RECORDS FOR THE EXERCISE Block Start

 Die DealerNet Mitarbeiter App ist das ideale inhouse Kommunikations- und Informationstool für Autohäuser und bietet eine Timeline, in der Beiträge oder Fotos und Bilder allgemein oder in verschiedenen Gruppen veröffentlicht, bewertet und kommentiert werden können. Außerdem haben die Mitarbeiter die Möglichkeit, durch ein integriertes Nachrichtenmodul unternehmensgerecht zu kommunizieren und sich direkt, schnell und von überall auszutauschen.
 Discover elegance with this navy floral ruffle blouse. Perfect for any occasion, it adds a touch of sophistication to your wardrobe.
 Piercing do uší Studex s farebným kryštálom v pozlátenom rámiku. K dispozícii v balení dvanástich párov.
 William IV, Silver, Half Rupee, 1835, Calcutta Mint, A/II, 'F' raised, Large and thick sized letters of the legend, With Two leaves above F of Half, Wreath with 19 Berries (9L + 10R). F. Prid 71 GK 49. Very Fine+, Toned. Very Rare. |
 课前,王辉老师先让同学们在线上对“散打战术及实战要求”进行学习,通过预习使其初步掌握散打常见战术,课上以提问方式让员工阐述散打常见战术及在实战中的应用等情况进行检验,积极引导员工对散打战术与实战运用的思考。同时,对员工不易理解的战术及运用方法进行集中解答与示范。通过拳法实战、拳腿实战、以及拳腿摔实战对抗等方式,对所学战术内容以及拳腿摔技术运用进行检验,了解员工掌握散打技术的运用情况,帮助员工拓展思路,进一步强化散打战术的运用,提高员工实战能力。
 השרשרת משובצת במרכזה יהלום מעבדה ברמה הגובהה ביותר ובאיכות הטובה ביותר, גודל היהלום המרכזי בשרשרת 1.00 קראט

RECORDS FOR THE EXERCISE Block End
RECORDS FOR THE EXERCISE Block Start

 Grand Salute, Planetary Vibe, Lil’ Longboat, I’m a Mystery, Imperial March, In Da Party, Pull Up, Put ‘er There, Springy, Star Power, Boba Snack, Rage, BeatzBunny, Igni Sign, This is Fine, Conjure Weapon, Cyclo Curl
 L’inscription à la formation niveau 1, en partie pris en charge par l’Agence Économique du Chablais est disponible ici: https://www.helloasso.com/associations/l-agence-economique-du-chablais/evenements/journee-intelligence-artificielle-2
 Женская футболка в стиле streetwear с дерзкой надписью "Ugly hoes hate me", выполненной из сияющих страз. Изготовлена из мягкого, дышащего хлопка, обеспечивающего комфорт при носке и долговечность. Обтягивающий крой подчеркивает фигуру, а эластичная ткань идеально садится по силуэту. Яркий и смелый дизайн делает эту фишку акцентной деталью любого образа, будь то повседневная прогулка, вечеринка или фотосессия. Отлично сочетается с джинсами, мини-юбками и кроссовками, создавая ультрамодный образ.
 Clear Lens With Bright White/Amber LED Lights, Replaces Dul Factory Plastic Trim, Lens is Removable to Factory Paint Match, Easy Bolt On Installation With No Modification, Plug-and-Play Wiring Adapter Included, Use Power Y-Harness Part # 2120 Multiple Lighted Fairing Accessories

RECORDS FOR THE EXERCISE Block End
RECORDS FOR THE EXERCISE Block Start

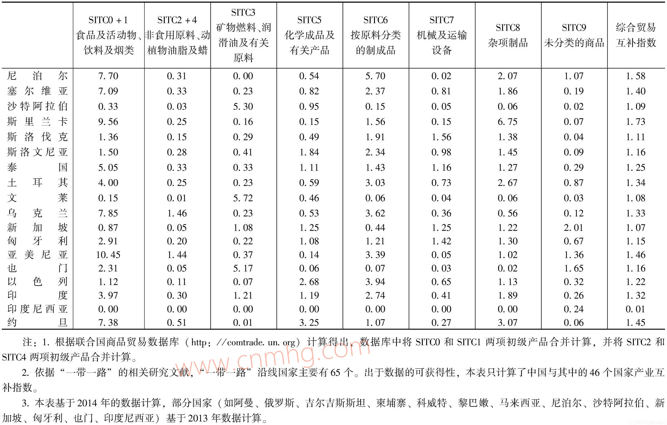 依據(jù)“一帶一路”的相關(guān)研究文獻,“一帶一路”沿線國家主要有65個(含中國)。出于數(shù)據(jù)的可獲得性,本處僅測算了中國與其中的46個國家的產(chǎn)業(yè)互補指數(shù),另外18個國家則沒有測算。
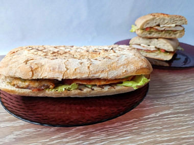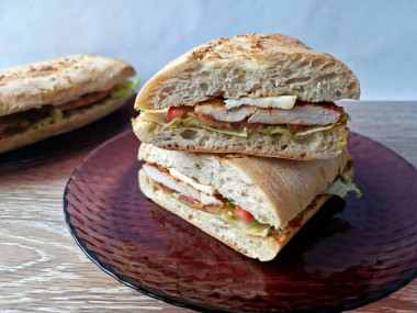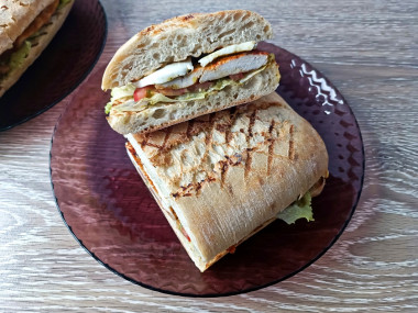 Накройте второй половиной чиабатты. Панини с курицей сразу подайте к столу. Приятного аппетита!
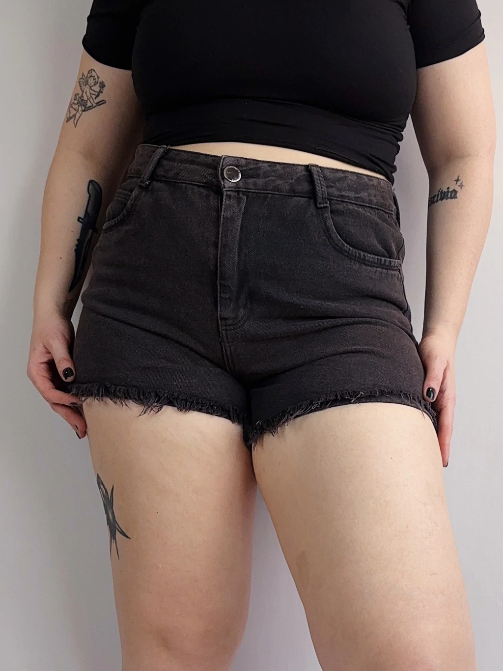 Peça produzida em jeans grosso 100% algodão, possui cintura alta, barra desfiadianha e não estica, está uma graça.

RECORDS FOR THE EXERCISE Block End

PROBLEM TO SOLVE: In the listing above, find the line with "Grand Salute, Planetary" and the line with "L’inscription à la", then print exactly those lines and every line between them.

FINISHED TASK:
 Grand Salute, Planetary Vibe, Lil’ Longboat, I’m a Mystery, Imperial March, In Da Party, Pull Up, Put ‘er There, Springy, Star Power, Boba Snack, Rage, BeatzBunny, Igni Sign, This is Fine, Conjure Weapon, Cyclo Curl
 L’inscription à la formation niveau 1, en partie pris en charge par l’Agence Économique du Chablais est disponible ici: https://www.helloasso.com/associations/l-agence-economique-du-chablais/evenements/journee-intelligence-artificielle-2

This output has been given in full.